I successfully merged two data sets and am now trying to remove all rows with an 'NA' value for the 'Provider_name' column in R. I have tried the below commands but neither of them are deleting the rows, at all, when I write.table to csv file. R does not return any error messages. What am I missing?
OK, fixed that dumb mistake. But now I am able to see that rather than only deleting the observations for "NA" in column, "Provider_Name", it's deleting all rows with NA. Any ideas on where I'm going wrong there?
(ex_df <- data.frame(
x = c(1,NA),
y= c(NA,2)
))
ex_df[!is.na(ex_df$x),]
Can you demonstrate /prove that you are correct in your assessment that other NA's which are not associated with the provider name column NAs are also lost ?

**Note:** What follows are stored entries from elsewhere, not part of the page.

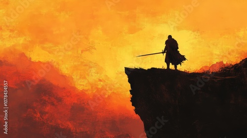 A lone warrior stands on a cliff edge, silhouetted against a fiery sunset. He holds a sword, ready for battle.
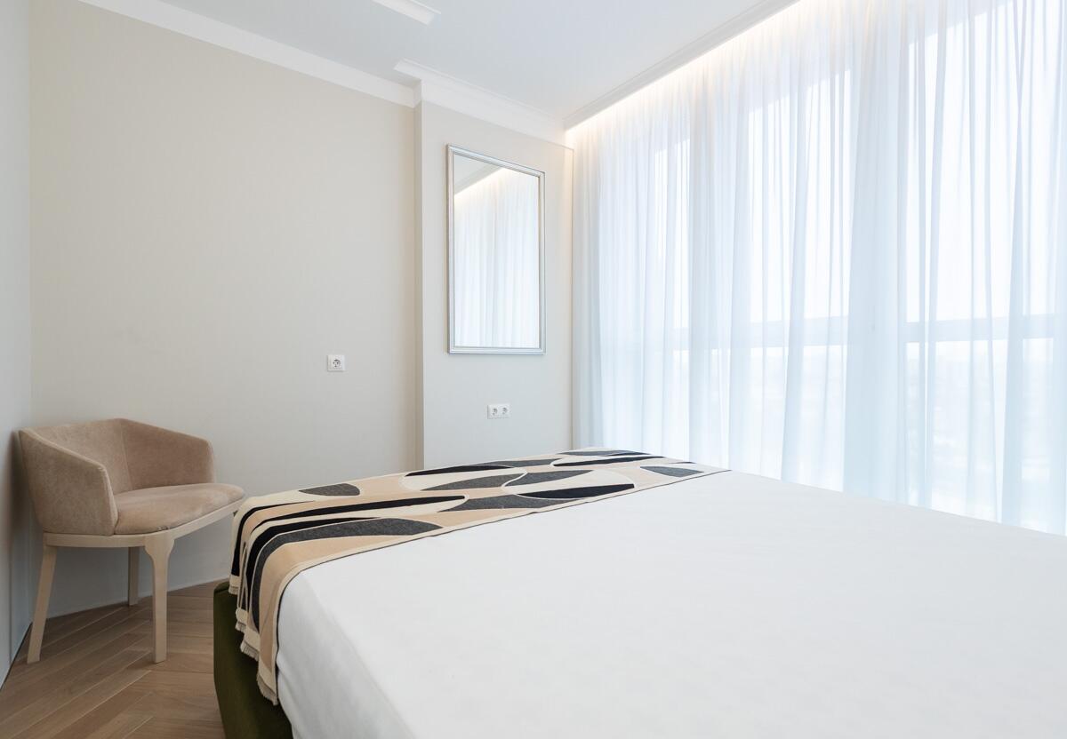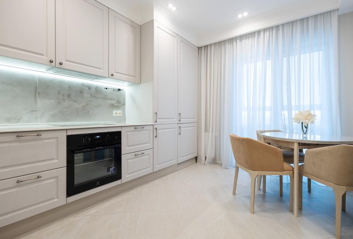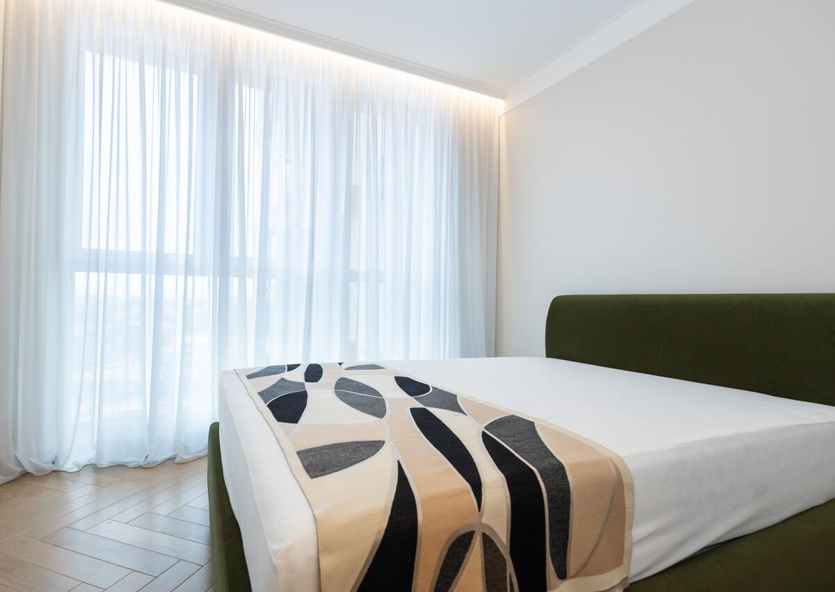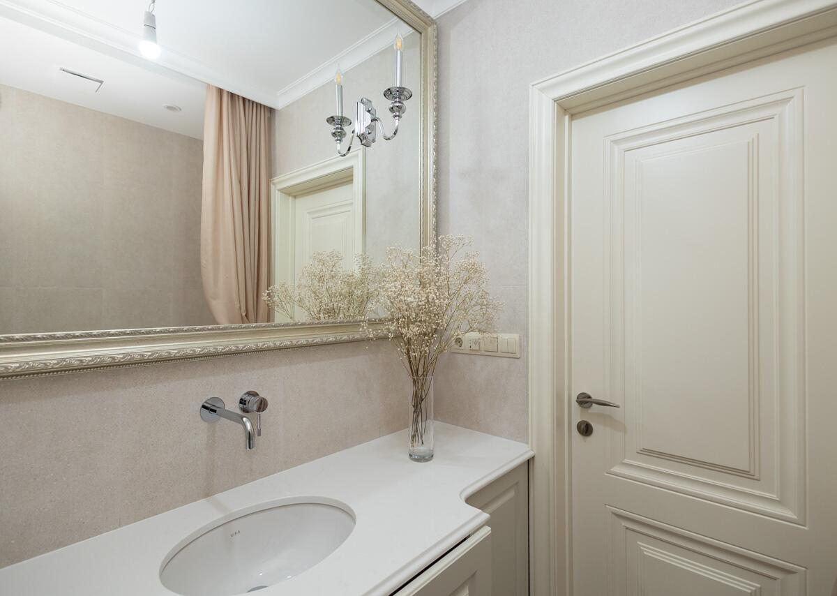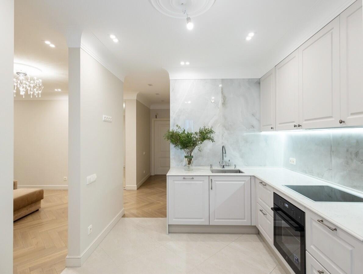 Потолки и стены окрашены, в гостиной и спальнях на полу паркет Tarwood, в кухне полы из плитки с подогревом. Современная техника: встроенный духовой шкаф, индукционная панель, стиральная и сушильная машины Electrolux (производства Италия). Кухонный фартук из испанского керамогранита под оникс KERAMA MARAZZI, столешница из кварцевого агломерата. Лоджия из кухни. Санузел раздельный с ванной Villeroy & Boch, со встроенным биде Boheme. Мебель на заказ из надёжных качественных материалов, кровати с подъёмными механизмами и нишами для хранения. Встроенный зеркальный шкаф в прихожей и большой гардероб в спальне, вместят все ваши вещи.
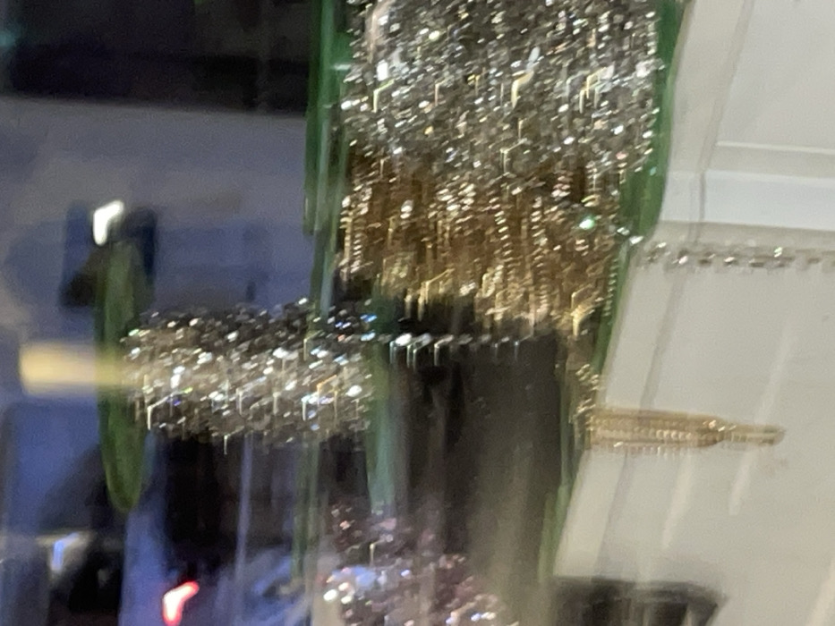 The image contains a blurry, abstract composition. Shiny, reflective elements in silver and gold tones appear densely packed, possibly tinsel or glitter. These are partly obscured by a dark, vertical form. There's a hint of green running along the sides, perhaps a container or border. The background includes indistinct shapes and colors, suggesting an out-of-focus scene. The overall impression is shimmering and festive, but the lack of clarity makes specific identification challenging.

The original data set contains ~65,000 observations, merged (to include one new variable) from another data set results in ~72,000 observations. "NA" appears in various variables for different reasons and a clean set of observations would result in a return to roughly ~65,000 lines after remove all observations with "NA" in Provider_Name. The result from executing the command we're discussing is ~20,500 observations instead of 65,000 which... when I manually cleaned in excel the other day, was not the case. I was able to get it to ~65,000.
my recommendation is to go quantative and try counting the NA's in the relevant files; Perhaps your join went awry ?

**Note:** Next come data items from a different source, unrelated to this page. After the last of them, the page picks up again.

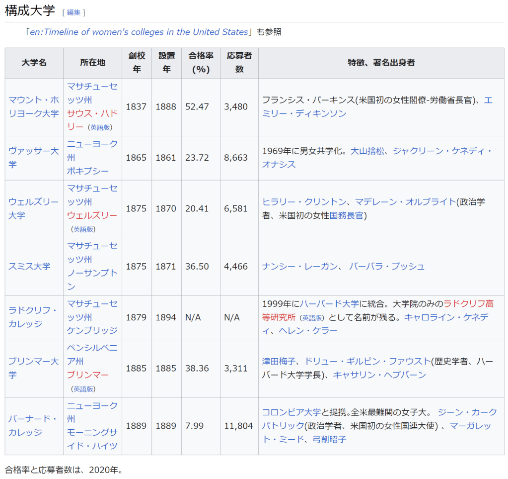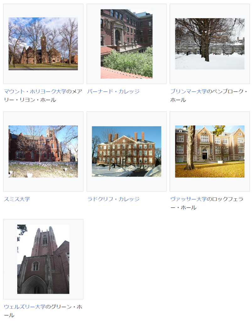 脚注 ^ a b Irene Harwarth. “Women’s Colleges in the United States: History, Issues, and Challenges”. U.S. Department of Education National Institute on Post-secondary Education, Libraries, and Lifelong Learning. February 4, 2005時点のオリジナルよりアーカイブ。2020年10月15日閲覧。 ^ “About Mount Holyoke”. mountholyoke.edu 2006年9月1日閲覧。 ^ “Radcliffe Mission, Vision, and History”. harvard.edu. 2018年5月6日閲覧。 ^ “Hard Earned Gains for Women at Harvard”. The Harvard Gazette 2018年5月6日閲覧。 ^ “About Us” (英語). Radcliffe Institute for Advanced Study at Harvard University (2011年6月9日). 2020年3月10日閲覧。 ^ Robert A. McCaughey (Spring 2003). “Women and the Academy”. Higher Learning in America, History BC4345x. Barnard College. 2006年5月12日時点のオリジナルよりアーカイブ。2020年10月15日閲覧。 ^ “Pleiades | Greek mythology” (英語). Encyclopedia Britannica. 2020年3月10日閲覧。 ^ “Chronology”. Barnard College. June 15, 2011時点のオリジナルよりアーカイブ。August 19, 2012閲覧。 ^ “Partnership with Columbia”. Barnard College. August 19, 2012閲覧。 ^ “A Brief History of Bryn Mawr College”. Bryn Mawr. August 19, 2012閲覧。 ^ “A Detailed History”. Mount Holyoke College. August 19, 2012閲覧。 ^ “Smith College Presidents”. Smith College. October 7, 2012時点のオリジナルよりアーカイブ。August 19, 2012閲覧。 ^ “Wellesley says it won’t go coed; Plans Drive for $70-Million Over Next 10 Years”. The New York Times: p. 43. (March 9, 1973) August 19, 2012閲覧。 ^ “US News Rankings”. 2020年10月15日閲覧。 ^ “Wall Street Journal Rankings”. 2020年10月15日閲覧。 ^ Brune, Adrian (April 8, 2007). “When She Graduates as He”. The Boston Globe Magazine 2020年10月15日閲覧。 ^ Kellaway, Mitch (September 3, 2014). “WATCH: First of ‘Seven Sisters’ Schools to Admit Trans Women”. Advocate.com. 2020年10月15日閲覧。 ^ “Barnard Announces Transgender Admissions Policy”. Barnard College website. (June 4, 2015) 2020年10月15日閲覧。 ^ Gibson, Arlene (February 9, 2015). “A Letter from Bryn Mawr Board Chair Arlene Gibson”. Bryn Mawr College website 2020年10月15日閲覧。 ^ “Admission Policy Announcement”. Smith College website. (May 2, 2015) 2020年10月15日閲覧。 参考文献 Creighton, Joanne V. “A Tradition of Their Own: Or, If a Woman Can Now Be President of Harvard, Why Do We Still Need Women’s Colleges?”. Howard Greene; Mathew W. Greene (2000). Greenes’ Guides to Educational Planning: The Hidden Ivies: Thirty Colleges of Excellence. New York: HarperCollins. ISBN 0-06-095362-4 Dolkart, Andrew S. (1998). Morningside Heights: A History of its Architecture and Development. Columbia University Press. ISBN 978-0-231-07850-4. OCLC 37843816 Horowitz, Helen Lefkowitz. Alma Mater: Design and Experience in the Women’s Colleges from Their Nineteenth-Century Beginnings to the 1930s (2nd edition). Amherst: University of Massachusetts Press, 1993. Perkins, Linda M. (Spring 1998). “The Racial Integration of the Seven Sister Colleges”. Journal of Blacks in Higher Education (19): 104?08. doi:10.2307/2998936. JSTOR 2998936. 関連項目 女子大学連合(英語版) ゴールデントライアングル (大学)(英語版) – イギリスの名門大学3校の総称 外部リンク “About the Seven Sisters”?Mount Holyoke College “College Women: Documenting the History of Women in Higher Education”?digital archives portal created by the libraries of the colleges formerly known as the “Seven Sisters” in 2015. Seven Sisters Alumnae Association カテゴリ: アメリカ合衆国の女子大学セブン・シスターズ (大学)名数7 最終更新 2024年8月15日 (木) 04:33 (日時は個人設定で未設定ならばUTC)。 テキストはクリエイティブ・コモンズ 表示-継承ライセンスのもとで利用できます。追加の条件が適用される場合があります。詳細については利用規約を参照してください。』
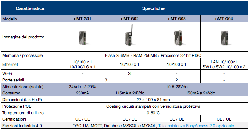 cMT-G0x è la gamma di gateways industriali IIoT di Weintek. Questi dispositivi permettono di integrare qualsiasi driver industriale (tra gli oltre 300 disponibili) in sistemi Industry 4.0 attraverso i protocolli OPC-UA (compliance Certified) e MQTT o mediante database MSSQL e MYSQL. La famiglia è articolata su quattro prodotti. cMT-G01 è il gateway pensato per nuove installazioni. Grazie alla presenza della doppia porta Ethernet, e di tre porte COM, il cMT-G01 può essere collegato a qualsiasi PLC o dispositivo incluso tra i 300 driver ethernet e seriali gestiti. cMT-G02 offre le stesse funzionalità del cMT-G01 offrendo però una porta Wi-Fi come alternativa a una delle due porte ethernet del cMT-G01. cMT-G03 e cMT-G04 sono pensati per il revamping di impianti pre-esistenti. In particolar modo il cMT-G03 è pensato per integrarsi in reti di comunicazione attraverso porte seriali RS232/RS485 mentre il cMT-G04 opera come switch per sistemi basati su architettura ethernet.
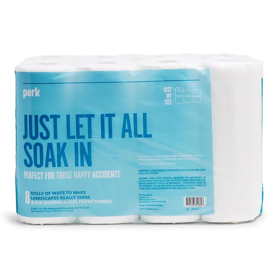 Holla back at spills on break room countertops with these thirsty white paper towels. Eight rolls in each pack deliver serious drying with no doubt, and just-my-size perforations reduce the overuse by providing a sheet made for every mess. With two-ply construction that soaks up each and every spill, these Perk™ Choose-A-Size perforated paper towels make messes a memory.
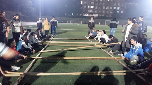 本次活动共组织了三项游戏,分别为跳竹竿、躲避球和跳皮筋项目。参加本次活动的六个班级分为三个小组,轮流体验三项游戏。跳竹竿是中国少数民族一种古老独特的活动,也是一项令人陶醉的文艺体育运动。它不但姿态优美,富于节奏,而且气氛非常欢快热烈,吸引众人。在学会了步伐节奏后,同学们踩着欢快的步点踏入了竹排阵。负责敲打竹竿的同学们配合默契,竹竿敲打的节奏铿锵有力,整齐热烈。同学们有的单人跳,有的则手拉手一起跟随节奏跳跃,也有的男同学没有赶上节拍被竹竿夹到了脚,惹得围观同学笑声不断。操场明亮的照明灯将同学们的影子拉得好长,同学们欢快地跳跃,影子也在地面上舞动,操场上生气勃勃,充满着老员工青春昂扬的气息。

if you are correct and you have way more NA in your datasets than you should, you will need to backtrack your steps and find how you are introducing them; however the shoe could be on the other foot, with the expectation you formed in excel not being born out. I can hardly comment, I didnt see the excel, and I haven't seen your data in R , nor the code you've used aside from the !is.na() stuff.
Might it have anything to do with the way the variables are "formatted" - I have Provider_Name as a "character" variable (which makes the most sense). Would that have any impact?